Russia changed a great deal as a result of the Revolution of 1905. What did not change is that it remained a land of extremes. On the one hand, the arts continued to flourish during what was known as the silver age of Russian culture, which began in the 1890s. On the other, the gap between the educated elite and the illiterate and semiliterate masses remained unbridged.

Russia had a parliament with limited powers from 1906 until the fall of the monarchy in March 1917.

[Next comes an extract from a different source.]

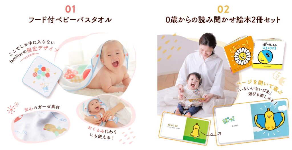 | 出産後の特典 | ファミリア バスタオル or 絵本セット |

Russia now had a real parliament, but the country continued to experience revolutionary and counterrevolutionary violence. Between 1906 and 1910 the SRs assassinated more than 4,000 government officials, while the government tried to quell violence by executing more than 1,000 people between August 1906 and April 1907 alone, after what were at best perfunctory trials. Even worse, that figure was only a fraction of the total number of executions carried out between 1905 and 1908.

Based on gross production Russia was a major industrial power, but based on per capita production it was badly outclassed not only by major industrial powers such as Great Britain and Germany but by semiindustrialized countries such as Spain and Italy. Meanwhile, as industrial production grew, so did the number and intensity of strikes by exploited factory workers. The Stolypin reforms produced a class of prosperous peasants, but many less capable or industrious peasants sank deeper into poverty. The Russian Empire controlled 40 percent of Eurasia, but millions of non-Russians dreamed of escaping its clutches.

It was with that heavy baggage that Russia entered World War I. About six months before the war began, Nicholas received a memorandum from Peter Durnovo, a former police official warning him of the risks Russia faced in a general European war, but neither Durnovo’s nor any other warning could keep the continent’s great powers at peace. The war broke out in August 1914 with Russia, Great Britain, and France (the Triple Entente) opposing Germany and Austria-Hungary (the Central Powers), who after several months were joined by the Ottoman Empire.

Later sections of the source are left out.